This week I am sharing more work seen at PhotoNOLA….
There is an interesting trend in photography where the image maker uses photographs to create photographs, and
Christopher Jordan aptly achieves this way of working with his terrific series,
Suburban Sublime. Layers of emotion and story telling occur from his built dioramas, shot through velum and altered with light. This bending of reality leads us through our own personal psychology and memories as we question what we are seeing, but at the same time find ourselves in familiar landscapes.
Christopher Jordan is a photographic artist and teacher. He holds a faculty position at the University of Alabama, in Tuscaloosa, Alabama. He earned his MFA from Rochester Institute of Technology in 2004. Conceptually, Jordan works with a variety of techniques to create landscape imagery of both real and imaginary places. He is most interested in how depictions of place serve as vehicles for reflection, memory and meditation. Jordan’s work has been exhibited nationally and is held in several private collections.
The Suburban Sublimeseries was exhibited in a solo show at the Museum of Art, University of Southern Mississippi, in 2012, and will also be shown at the Colvard Union Gallery, Mississippi State University, in Spring of 2013. The artist is currently seeking additional venues for exhibition of this work.
Individual works from the series have enjoyed national exposure at venues such as: Rayko Photography Center, Gutstein Gallery, Gertrude Herbert Institute of Art, Wellington B. Gray Gallery, Visual Arts Center of New Jersey, and 1212 Gallery, and others. Suburban Sublime is also part of the national travelling exhibition Spinning Yarns: Photographic Storytellers and has appeared in the publication, Diffusion: Unconventional Photography. Jordan also presented an artist talk at the Jennifer Shwartz Gallery in Atlanta, where three of the images were shown as part of a group exhibition featuring the Diffusionphotographers.
Suburban Sublime
The project Suburban Sublime situates a mystical narrative within suburbia. Suburban landscapes are seemingly bland and uneventful places. Yet paradoxically, this banality can incubate something curious and wondrous, such as the luminous events transpiring within these pictures. Are the events supernatural? Fantastical? Threatening? That remains to be seen. The sublime can be found within the depths of the paradox.

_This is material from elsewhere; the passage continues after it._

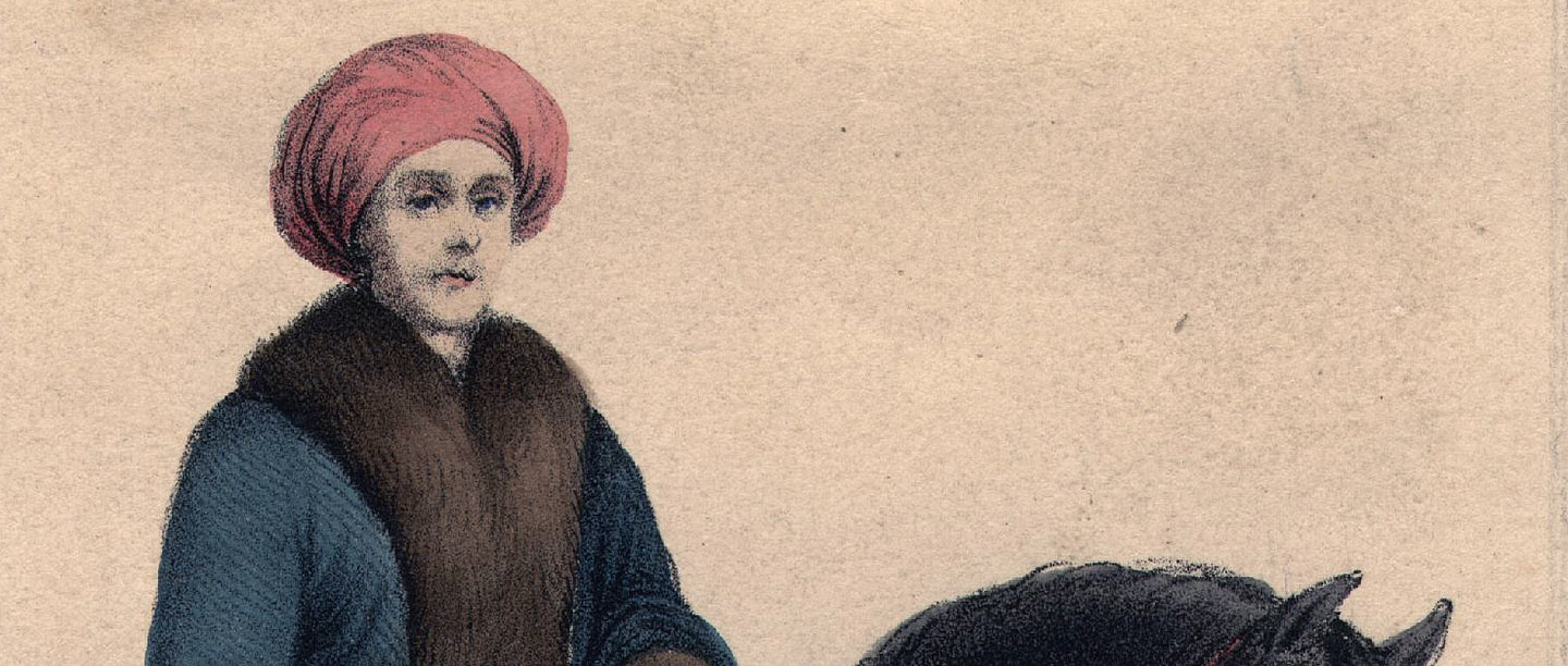 After the shipwreck, the travellers needed new clothes. In the Ottoman world, women were covered and veiled, but Lady Hester adopted local men’s clothing – pantaloons, waistcoat and turban – often in flamboyant style. Against the expectations of her male companions, her defiance of convention and taboo – which might have caused serious offence – instead impressed local people, including several powerful rulers whom she met in the Middle East.

The images are made by photographing dioramas, which are themselves built from photographs. Through the use of light and velum, the impression of luminous, atmospheric effects is created in front of the lens. The buildings and places depicted are no longer specimens of suburbia; they become visual koans, requiring an imaginative leap to resolve initial perceptions. This work explores the ambiguity between photographic expectation and neo-pictorialist space, signification and abstraction, and the real versus the uncanny.